Motion by Gentile to set aside his noting in default
[17] The plaintiff stated that she served Gentile effective 15 February 2019 by leaving a copy with the statement of claim on February 9 with an adult member of his household (Mr. Gentile’s mother) at his residence as it appeared in a Provincial Officer’s Order in her possession and mailing a copy the next day. Gentile says that he did not reside at the address in the Order and did not receive a copy of the statement of claim until 25 February 2019 when his counsel accepted service.
[18] The plaintiff stated that she heard nothing from Gentile or his counsel until 30 April 2019 after he had been noted in default for almost a month. While the plaintiff may not have received it, the record shows that Gentile served all parties with a notice of intent to defend on 25 February 2019 and filed it with the court on February 27. In the cover letter to the plaintiff, Gentile’s counsel stated “I trust you will not take any steps to note my client in default without first providing appropriate notice.”
[19] The plaintiff attended at the courthouse on 2 April 2019. She learned that Gentile had in fact filed a notice of intent to defend but she proceeded to note him in default in any event, as she had not received his notice.
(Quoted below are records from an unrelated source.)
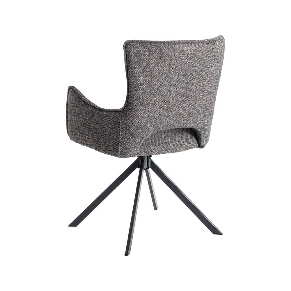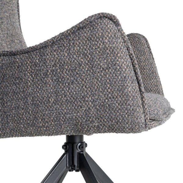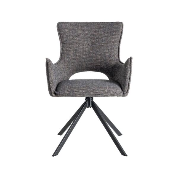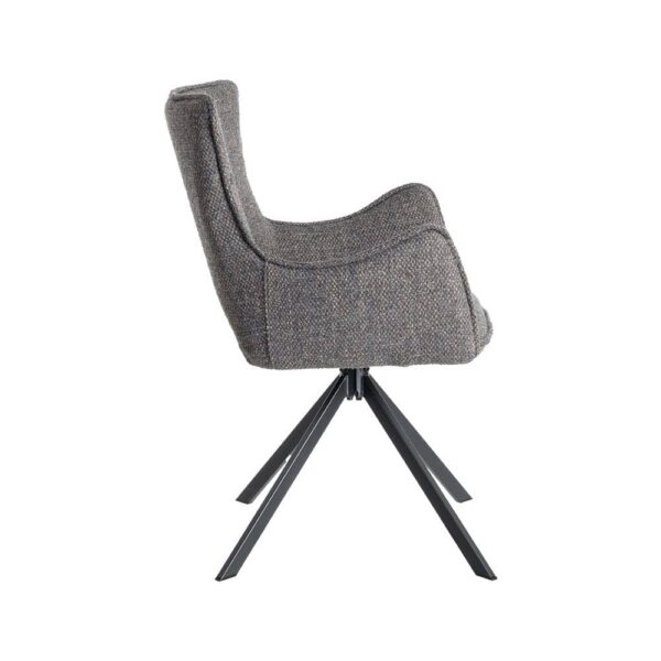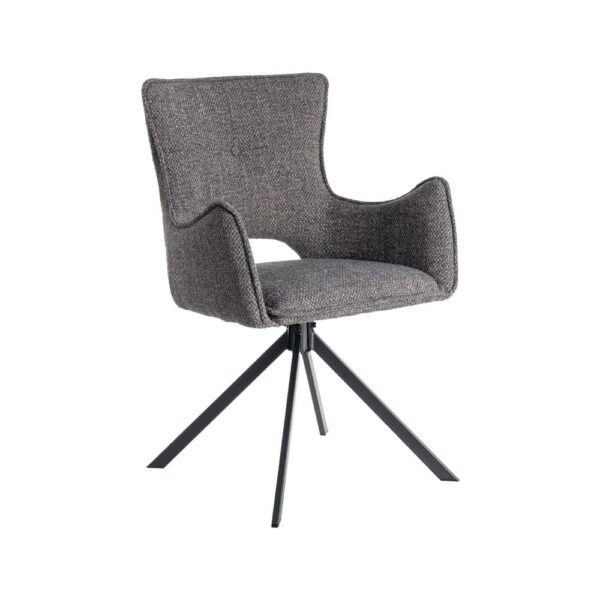 Material: tejido, metal. Altura asiento: 47cm. Ancho asiento: 43cm. Profundidad asiento: 46cm. Altura respaldo: 45cm. Altura resposabrazos: 21cm. No apilable. Cumple la normativa EN16139 (catering).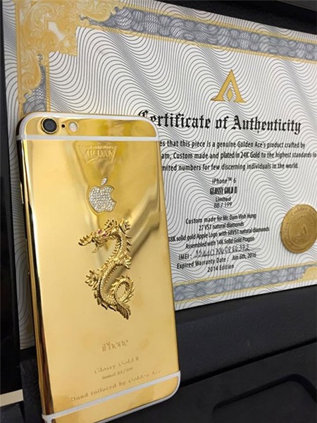 iPhone 6 dát vàng, đính kim cương và nạm hình rồng tiếp tục làm giàu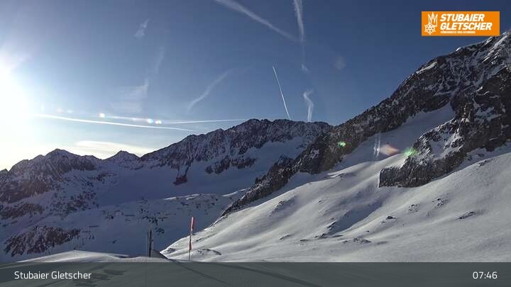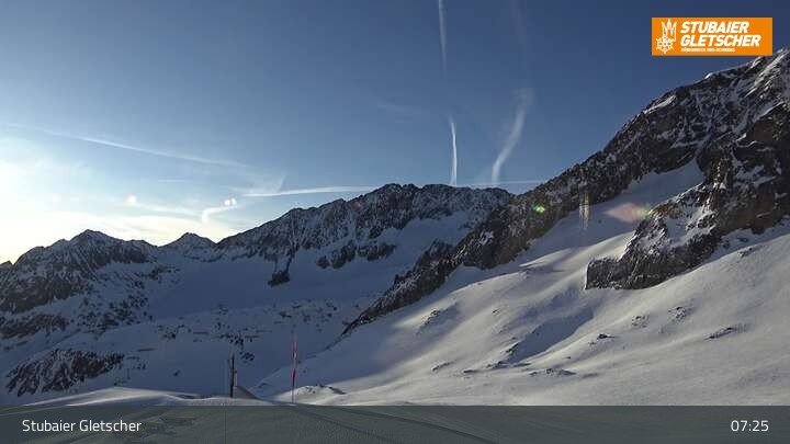 Die Kamera befindet sich an der Bergstation der Eisgrat Gondel am Stubaier Gletscher.

On 30 April 2019 Gentile’s counsel wrote to the plaintiff asking her to consent to set aside the noting in default, failing which he would seek costs of this motion on a full indemnity basis.
[20] I find Gentile meets the criteria set out in Rule 19.03 of the Rules of Civil Procedure. He moved quickly to bring this motion after learning of the noting in default. He intended to defend this action, which he demonstrated by serving and filing a notice of intent to defend. He had an explanation for not defending. While Gentile did not bring a motion to strike the claim, he was aware of the Vaughan Defendants’ motion and was awaiting the outcome of that motion before filing a defence. This was not an inappropriate strategy, particularly given his letter to the plaintiff advising that the claim did not allege a proper cause of action against him. Lastly, he had asked that no steps be taken without appropriate notice to him and was then not advised that he would be noted in default (the plaintiff stating she never received that letter).
Costs in relation to the Gentile Motion
[21] Gentile seeks his costs on a full indemnity basis in the all-inclusive amount of $19,460.73. Considering all the circumstances, I do not find that full indemnity is warranted nor that the sum is a reasonable one for the plaintiff to pay in all the circumstances. Gentile is entitled to be paid his partial indemnity costs which I fix in the all-inclusive amount of $7,000 payable within 90 days. While the Gentile materials were less involved than those of the Vaughan Defendants, Gentile incurred the additional time for his counsel to prepare him for cross-examination, at the insistence of the plaintiff, which she afterward abandoned.
[22] Orders to go in the form of the drafts submitted to me by counsel for the defendants, which I have amended and signed.